But it also requires me to make some midcourse corrections and adjustments. And how those play themselves out over the next several months will be a matter of me being in discussions with the Republican Party, which is now going to be controlling the House of Representatives. And there are going to be areas where we disagree and hopefully there are going to be some areas where we agree.

Now, you asked specifically, how do I think it will affect policy towards India. I actually think that the United States has a enormous fondness for India, partly because there are so many Indian-Americans and because of the shared values that we have. And so there is a strong bipartisan belief that India is going to be a critical partner with the United States in the 21st century. That was true when George Bush was President. That was true when Bill Clinton was President. It was true under Democratic and Republican control of Congress.

So I don’t think that fundamental belief is going to be altered in any significant way. I do think that one of the challenges that we’re going to be facing in the United States is at a time when we’re still recovering from this crisis, how do we respond to some of the challenges of globalization? Because the fact of the matter is, is that for most of my lifetime -- I’ll turn 50 next year -- for most of my lifetime, the United States was such a dominant economic power, we were such a large market, our industry, our technology, our manufacturing was so significant that we always met the rest of the world economically on our terms. And now, because of the incredible rise of India and China and Brazil and other countries, the United States remains the largest economic and the largest market but there’s real competition out there.

And that's potentially healthy. It makes -- Michelle was saying earlier I like tough questions because it keeps me on my toes. Well, this will keep America on its toes. And I'm positive we can compete because we've got the most open, most dynamic entrepreneurial culture; we've got some of the finest universities in the world; incredible research and technology. But it means that we're going to have to compete.

And I think that there’s going to be a tug of war within the United States between those who see globalization as a threat and want to retrench, and those who accept that we live in a open, integrated world which has challenges and opportunities and we've got to manage those challenges and manage those opportunities, but we shouldn’t be afraid of them.

And so what that means, for example, is on issues of trade, part of the reason I'm traveling through Asia this week is I believe that the United States will grow and prosper if we are trading with Asia. It’s the fastest-growing region in the world. We want access to your markets. We think we've got good products to sell; you think that you’ve got good products to sell us. This can be a win-win situation.

So I want to make sure that we're here because this will create jobs in the United States and it can create jobs in India. But that means that we've got to negotiate this changing relationship. Back in the 1960s or ‘70s, the truth is the American economy could be open even if our trading partners’ economies weren’t open. So if India was protecting certain sectors of its economy, it didn’t really have such a big effect on us. We didn’t need necessarily reciprocity because our economy was so much larger.

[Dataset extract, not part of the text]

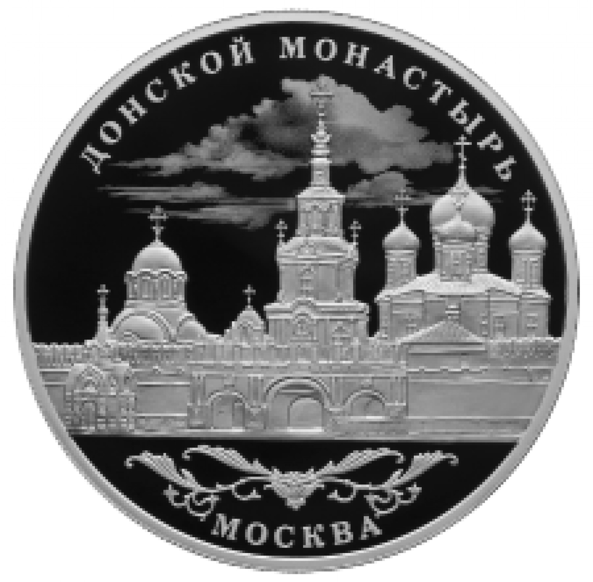 На монете рельефное изображение Донского монастыря на фоне изображения облаков, выполненных в технологии лазерного матирования; по окружности – надписи: вверху – «ДОНСКОЙ МОНАСТЫРЬ», внизу, под рельефным орнаментом, – «МОСКВА».

Well, now, things have changed. So it’s not unfair for the United States to say, look, if our economy is open to everybody, countries that trade with us have to change their practices to open up their markets to us. There has to be reciprocity in our trading relationship. And if we can have those kinds of conversations, fruitful, constructive conversations about how we produce win-win situations, then I think we'll be fine.

If the American people feel that trade is just a one-way street, where everybody is selling to the enormous U.S. market but we can never sell what we make anywhere else, then people in the United States will start thinking, well, this is a bad deal for us. And that could end up leading to a more protectionist instinct in both parties -- not just among Democrats, but also among Republicans. So that's what we have to guard against.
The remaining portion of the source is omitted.